#### Data for analysis

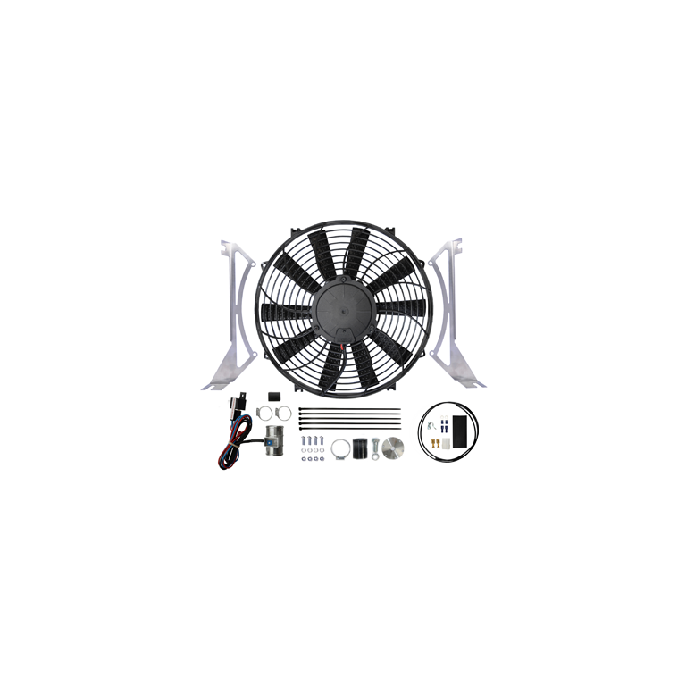 Kit Contains: 14" Sucking fan Laser cut stainless steel fan mounting brackets Front pulley spacer kit 35mm Revotec positive electronic fan controller Hose joiner kit Earth wire kit Bolts and fittings
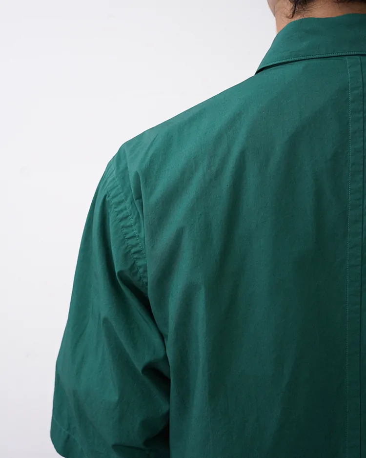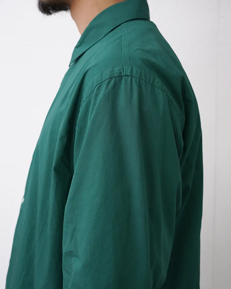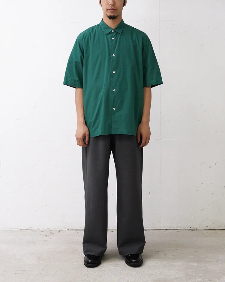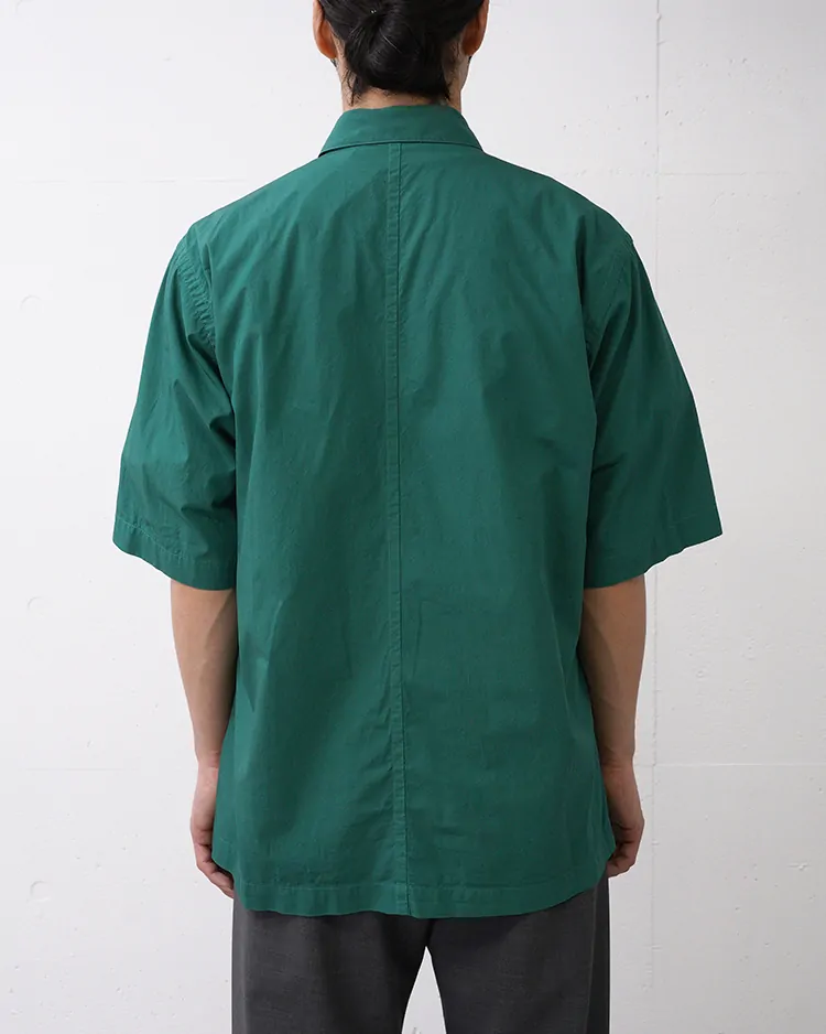 オーバーサイズで、リラックスしたシルエットが特徴の半袖シャツ。背中心は縦接ぎを採用し、ブルゾンのような迫力ある表情に仕上げています。製品染めを施しているので、洗濯しても縮みは起きず、取り扱いも楽です。
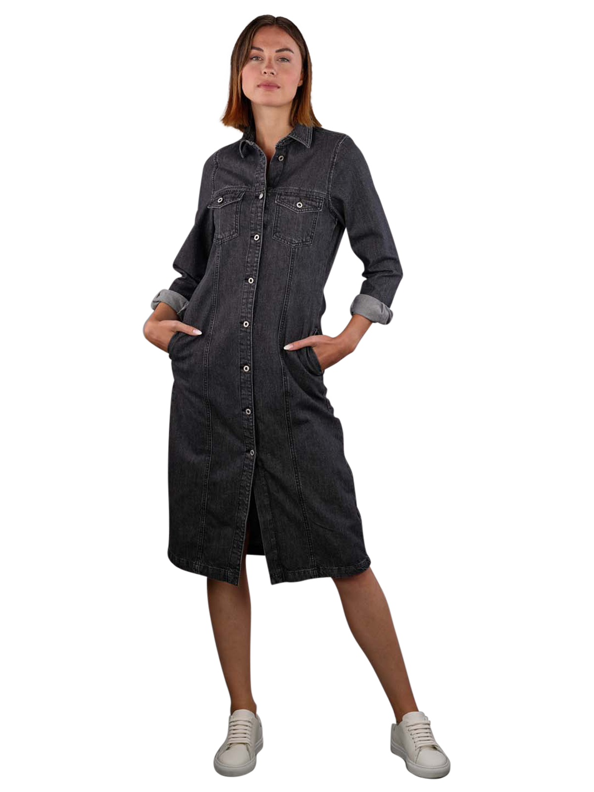 Das Pepe Jeans Midi Shirt Dress in der Farbe Charcoal kombiniert Schwarz und Grau zu einem stilvollen Look. Dieses Frauenkleid besteht aus 100% Baumwolle und gehört zur Pepe Future Linie. Es bietet optimalen Tragekomfort und ist bei 40°C im Normalwaschgang waschbar. Nicht bleichen. Ideal für verschiedene Anlässe, verleiht es jeder Garderobe zeitlose Eleganz und Vielseitigkeit. Perfekt für modebewusste Frauen.
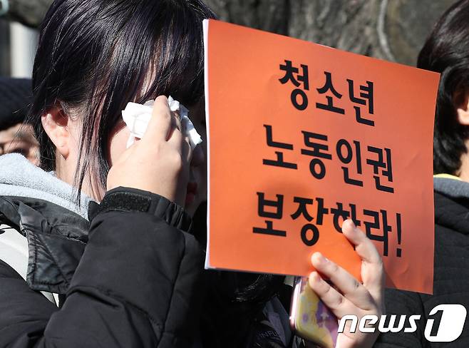 (서울=뉴스1) 이재명 기자 = 30일 오전 서울 세종대로 정부서울청사 앞에서 열린 산업체 파견 현장실습 폐지 촉구 기자회견에서 특성화고 졸업생 복성현씨가 발언을 하는 도중 눈물을 흘리고 있다. 2017.11.30/뉴스1
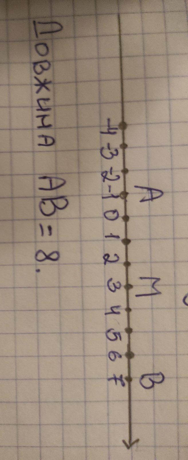 6. Побудуйте координатну пряму. Позначте на ній точку М (3). Знайдіть координати точок А і В, віддалених від точки М на 4 одиниці. Знайдіть довжину відрізка AB
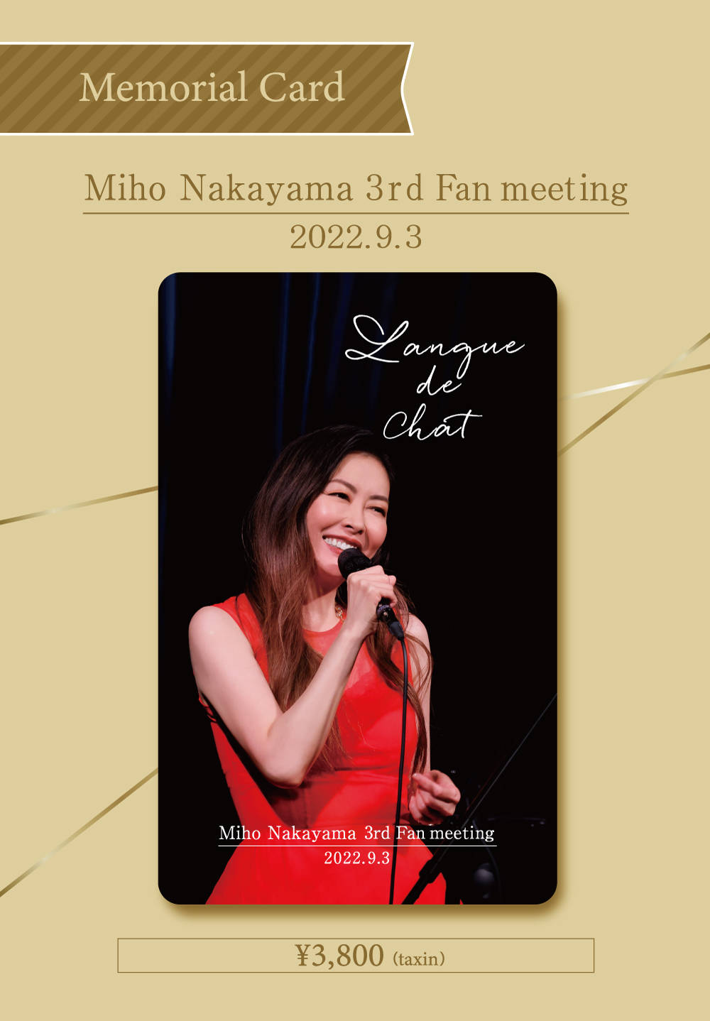 9月3日(土)「Miho Nakayama 3rd Fan meeting 〜Langue de Chat〜」の映像を収録したメモリアルカード(映像視聴カード)の販売が決定しました!
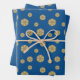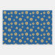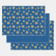 Ein spitzenähnlicher, zentristischer Zirkel Mandala in dunkelblau mit leuchtend blauen und goldfarbenen sternähnlichen Punkten, die zwischen den Schichten verstreut sind, und ein heller Sonnenaufgang-Gradientenkreis dahinter sorgen für ein lustiges Design, das an einen Sternenhimmel erinnert und an einen hellen Sonnentag mit einem Bild. Zwei Blätter in diesem Set zeigen die Mandala verstreut über einen reichen blauen Hintergrund, während das dritte Blatt ein Muster verblasster Polka Punkte auf dem gleichen blauen Hintergrund zeigt, um Ihnen Optionen und Abwechslung für Ihre Geschenkverpackung oder DIY-Projekte.
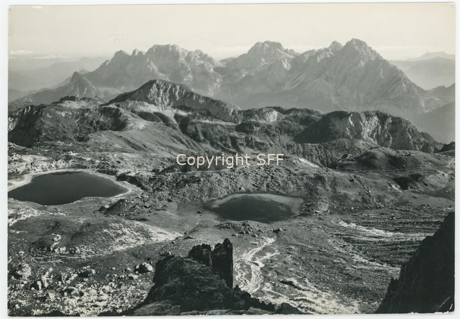 SAPPADA m. 1250. Laghi d'Olbe m. 2164 sullo sfondo il Gr. del M. Siera
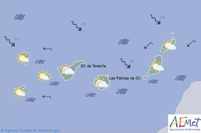 La previsión meteorológica para la isla de La Palma este martes apunta al predominio de cielos poco nubosos, con algunos intervalos matinales de nubes bajas en costas nordeste y este.
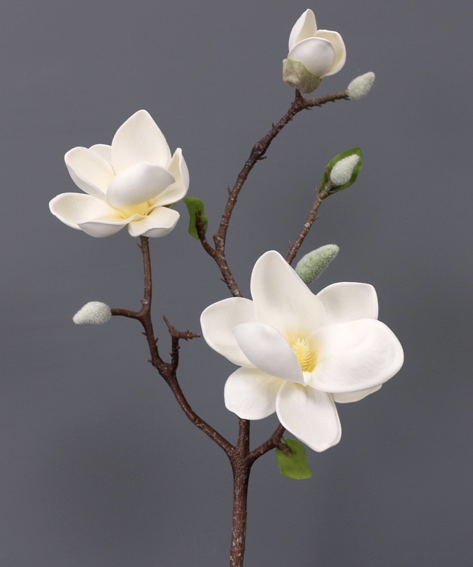 Complete your Spring home decor with this artificial magnolia branch in cream white. Add to any floral arrangement or simple drop in a vase on your coffee table to bring Spring in!
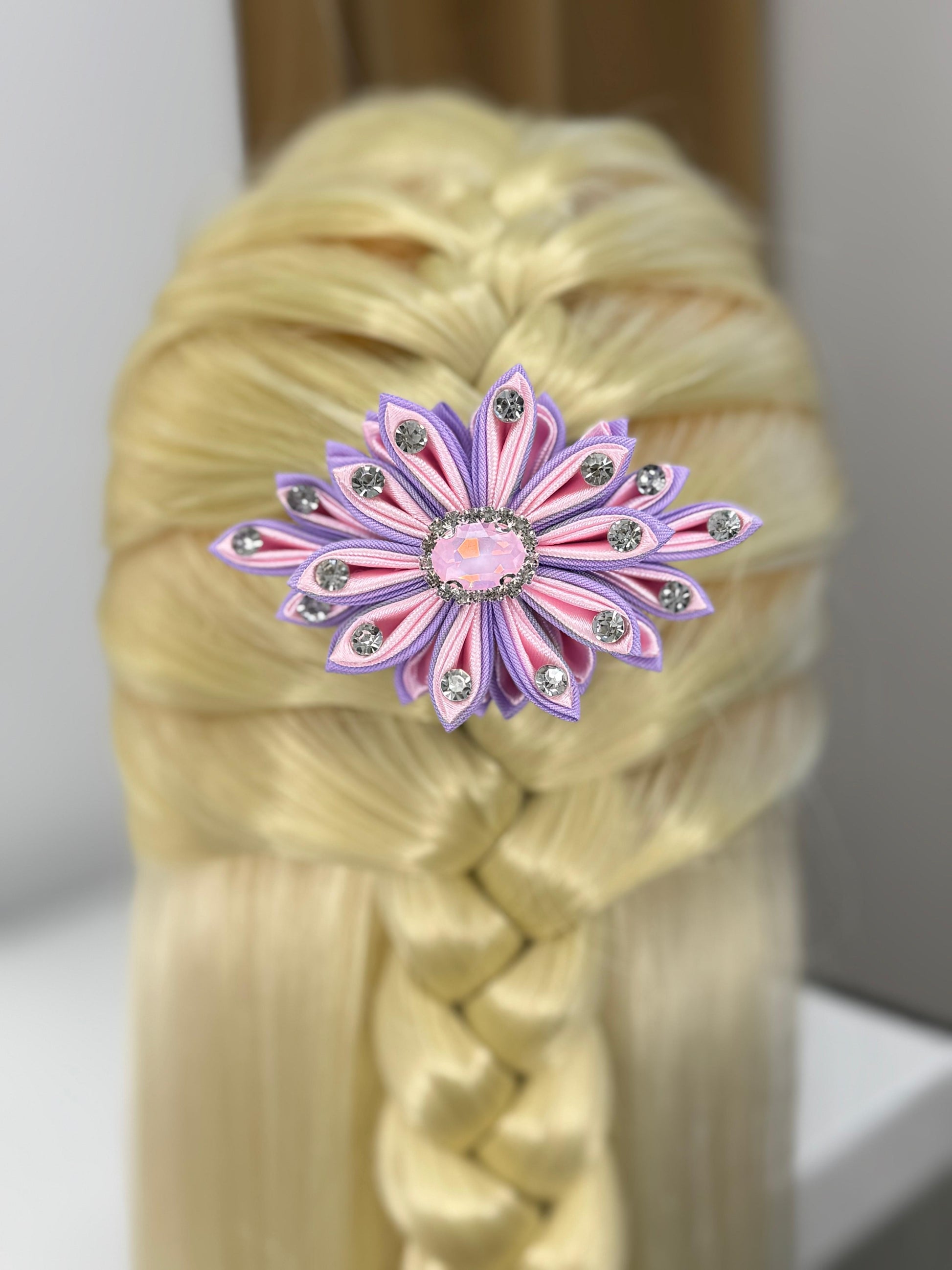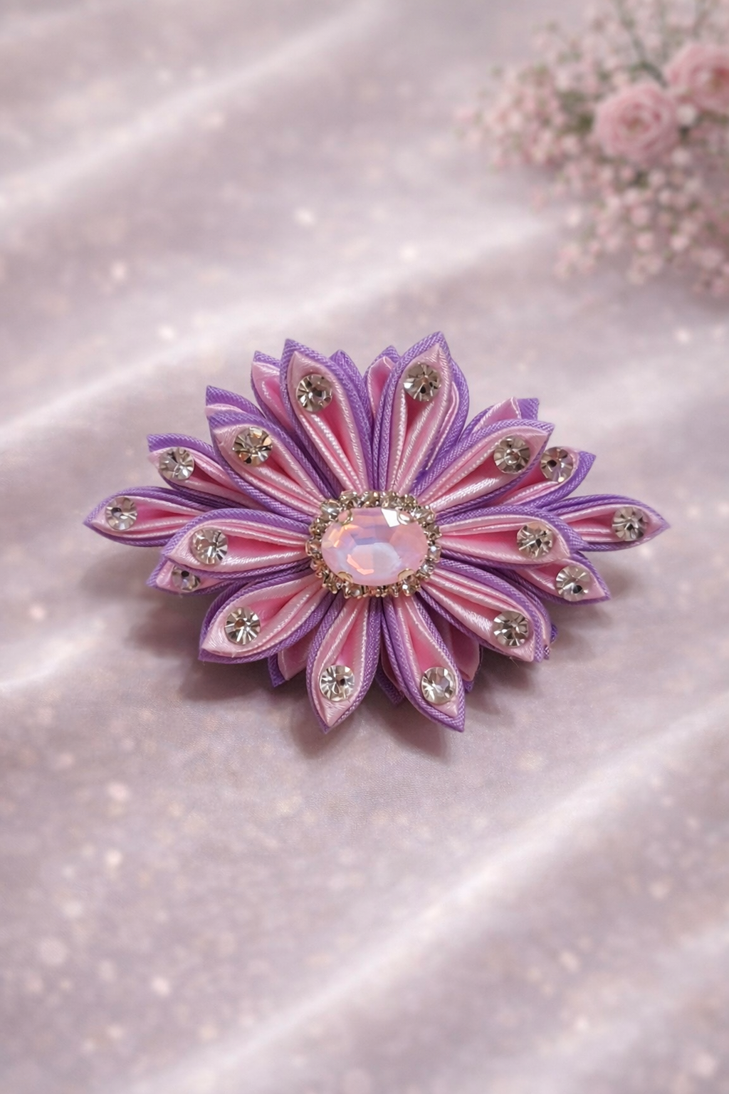 Každý skladaný prvok vytvára dynamickú, takmer kvetinovú štruktúru, ktorá pôsobí bohato a plasticky. Kombinácia jemných ružových a fialových tónov spolu s trblietavými kamienkami vytvára efekt „iskrenia“ pri každom pohybe.
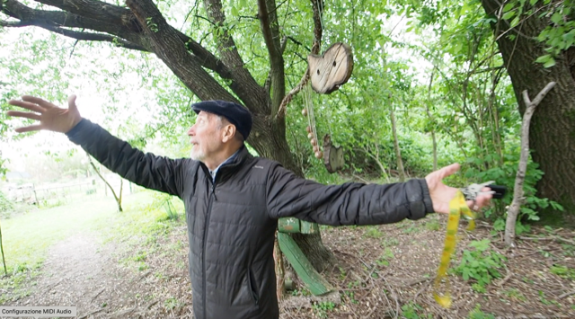 Oggi risiede in un condominio che si affaccia sui boschi che separano il borgo di Chiaravalle dalla tangenziale e dalla linea ferroviaria. All’orizzonte, oltre i pioppi, si intravedono i palazzi di acciaio e vetro di san Donato Milanese. Il luogo di Chiaravalle, ricco di fonti e di laghetti, è meta delle cicogne che qui nidificano. Entriamo per la prima volta con una video camera in un giardino incantato, destinato alla meditazione, ma ancora sconosciuto ai milanesi, alle scolaresche, agli insegnanti, agli scrittori e alla cultura… Un lungo verde percorso, quasi alchemico, tra i canneti, olmi e pioppi porta il visitatore solitario indietro nel tempo, alla cultura greca e al motto : conosci te stesso.
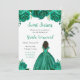 This sweet sixteen invitation features faux glitter green floral flowers and a beautiful princess with dark skin and an elegant dress. This is perfect for a sweet sixteen birthday party.
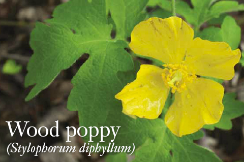 The wood poppy stands up to 40 centimetres tall. The leaves are mainly basal and up to 15 cm long and 6 cm across with a paler underneath with five to seven deeply divided, irregular lobed or toothed segments. The flower is deep yellow with four petals each 2 to 5 cm long; occur in clusters of up to four, blooming in May and early June. The fruit is a greyish hairy seed pod capsule divided into three or four longitudinal segments. All parts have a bitter yellow sap.
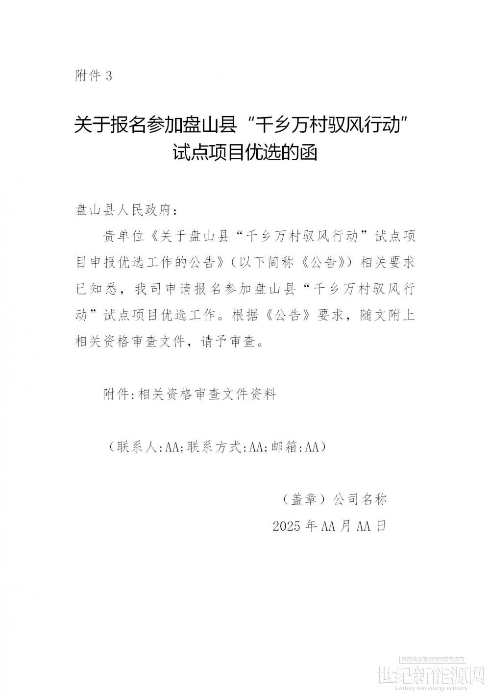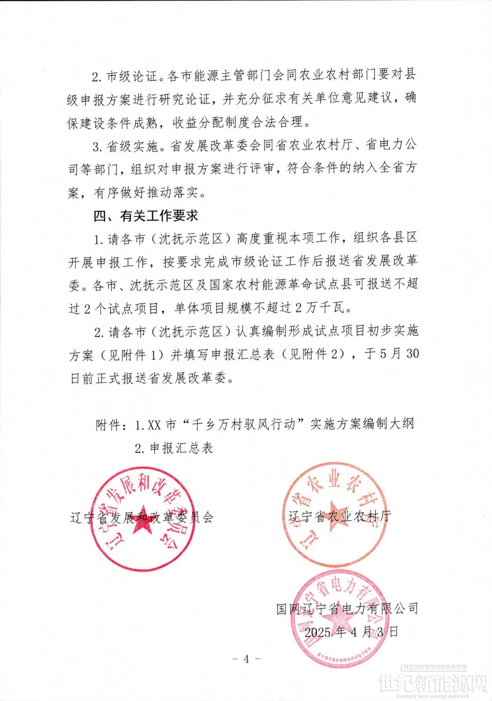此公告通过盘山县人民政府网站向社会公开发布,自发布日起至2025年5月14日,各开发企业需严格按照《关于开展“千乡万村驭风行动”助力辽宁美丽乡村建设试点工作的通知》(辽发改新能字〔2025〕33号)要求,于2025年5月14日16:00前将申报材料纸质版2份(密封并加盖公章)上报县发改局,逾期不再接收。(申报材料接收地址:盘山县发展和改革局304室;邮寄接收地址:辽宁省盘锦市盘山县太平街道府前大街盘山县人民政府,联系人:马天娇,联系电话:3552527。)
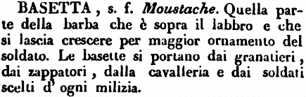 | Basetta - s. f. Moustache. Quella parte della barba che è sopra il labbro e che si lascia crescere per maggior ornamento del soldato. Le basette si portano dai granatieri, dai zappatori, dalla cavalleria e dai soldati scelti d'ogni milizia. [immagine] |
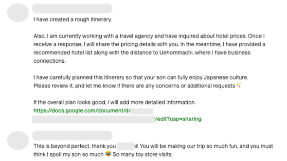 Upwork上の多くの職種が未経験だったもなみんさん。他の人を参考にしながら自分のプロフィールを作成し、経験を積むためできるかぎり多くの案件に応募。訪日する外国人観光客の旅程を組む仕事や、日本でビジネスを始めようとしている人のためのリサーチ業務など、さまざまな仕事に挑戦した。その中で、自身のスキルと経験を最も生かせると感じ、現在もメインの仕事として続けているのが「オンライン秘書」だ。

########

Problem to solve –
Exactly the lines from the start of the entries above through the line with "Das Pepe Jeans" should be reproduced, and nothing else; drop the pictures.

Output below –
 Kit Contains: 14" Sucking fan Laser cut stainless steel fan mounting brackets Front pulley spacer kit 35mm Revotec positive electronic fan controller Hose joiner kit Earth wire kit Bolts and fittings
 オーバーサイズで、リラックスしたシルエットが特徴の半袖シャツ。背中心は縦接ぎを採用し、ブルゾンのような迫力ある表情に仕上げています。製品染めを施しているので、洗濯しても縮みは起きず、取り扱いも楽です。
 Das Pepe Jeans Midi Shirt Dress in der Farbe Charcoal kombiniert Schwarz und Grau zu einem stilvollen Look. Dieses Frauenkleid besteht aus 100% Baumwolle und gehört zur Pepe Future Linie. Es bietet optimalen Tragekomfort und ist bei 40°C im Normalwaschgang waschbar. Nicht bleichen. Ideal für verschiedene Anlässe, verleiht es jeder Garderobe zeitlose Eleganz und Vielseitigkeit. Perfekt für modebewusste Frauen.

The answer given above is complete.